3. The method of claim 1 or 2, wherein the intestinal disorder is Crohn's disease.
4. The method of any of claims 1 to 3, wherein the subject is administered a pharmaceutically acceptable salt of temocillin.
5. The method of any of claims 1 to 4, wherein temocillin or a pharmaceutically acceptable salt thereof is administered orally.
6. A method for modulating the overgrowth of invasive adherent E. coli (AIEC) in a subject in need, comprising the step of administering to the subject an effective amount of temocillin, or a pharmaceutically acceptable salt thereof.
7. The method of claim 6, wherein the excessive growth of AIEC is in the subject's intestine.
8. The method of claim 6 or 7, wherein the subject has an intestinal disorder.
9. The method of any one of claims 6 to 8, wherein the subject has an intestinal disorder selected from irritable bowel syndrome (IBS) (e.g., irritable bowel syndrome associated with diarrhea (d-IBS), irritable bowel syndrome with constipation (c-IBS), irritable bowel syndrome alternating with constipation and diarrhea), Crohn's disease, traveler's diarrhea, colitis, ulcerative colitis, and diverticulitis.
10. The method of any of claims 6 to 9, wherein the subject has Crohn's disease.
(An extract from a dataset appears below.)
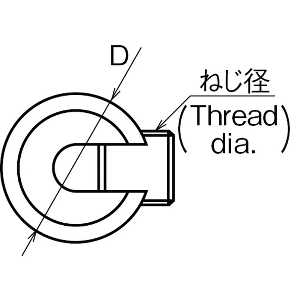 | No. | サイズ(ワイヤー適応径) | L | D | ねじ径 | 六角レンチ | 重量(g) | |
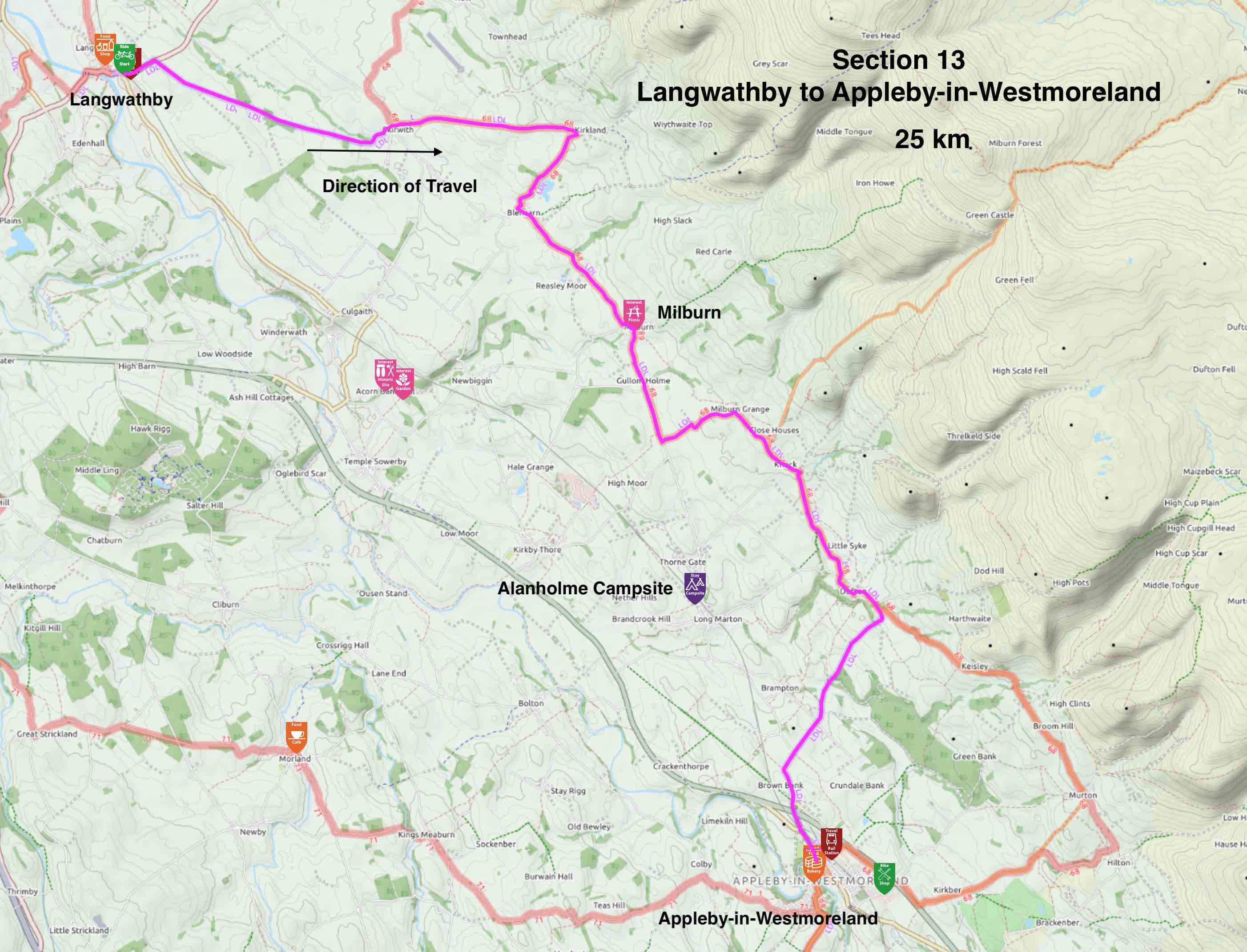 The ride starts from railway to the north of the centre of Appleby-in-Westmorland. You descend towards the town to bear right into the centre. It's an attractive place with many older buildings worth a look. You cycle up Boroughgate, a wide main street. It is marked by two pillars at the top and the bottom. The one at the bottom is an 18th century copy of the 17th century one at the top where you will bear right to leave town.Heading out you will gradually climb admiring the wonderful views to the left on a road that more resembles a whole series of roller coasters. The hills to your left are the Peninnes and as with much of the Eden Valley this is an agricultural area for both sheep and dairy cattle.Descending through Soulby you'll climb towards Kirkby Stephen and when you arrive, you'll head right along its attractive High Street to finish at the Tourist Information on the left hand side.

11. The method of any of claims 6 to 10, wherein the modulation comprises a reduction of the excessive growth of AIEC.
12. The method of any of claims 6 to 11, wherein temocillin or a pharmaceutically acceptable salt thereof is administered orally.
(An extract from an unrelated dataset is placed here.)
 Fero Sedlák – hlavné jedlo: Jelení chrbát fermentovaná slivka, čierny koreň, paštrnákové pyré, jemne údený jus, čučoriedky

13. A method for reducing intestinal inflammation caused by invasive adherent E. coH overgrowth (IAEC) in a subject in need, comprising the step of administering to the subject an effective amount of temocillin, or a pharmaceutically acceptable salt thereof.
14. The method of claim 13, wherein the subject has Crohn's disease.
15. A method for reducing one or more of diarrhea, fever, fatigue, abdominal pain and cramps, weight loss, and anemia in a subject having Crohn's disease, comprising administering to the subject orally an effective amount of temocillin or a pharmaceutically acceptable salt thereof.
16. The method of claim 15, wherein the subject is experiencing an overgrowth of invasive adherent E. coli (AIEC) of the intestine.
17. The method of any of claims 13 to 16, wherein temocillin 15 or a pharmaceutically acceptable salt thereof is administered orally.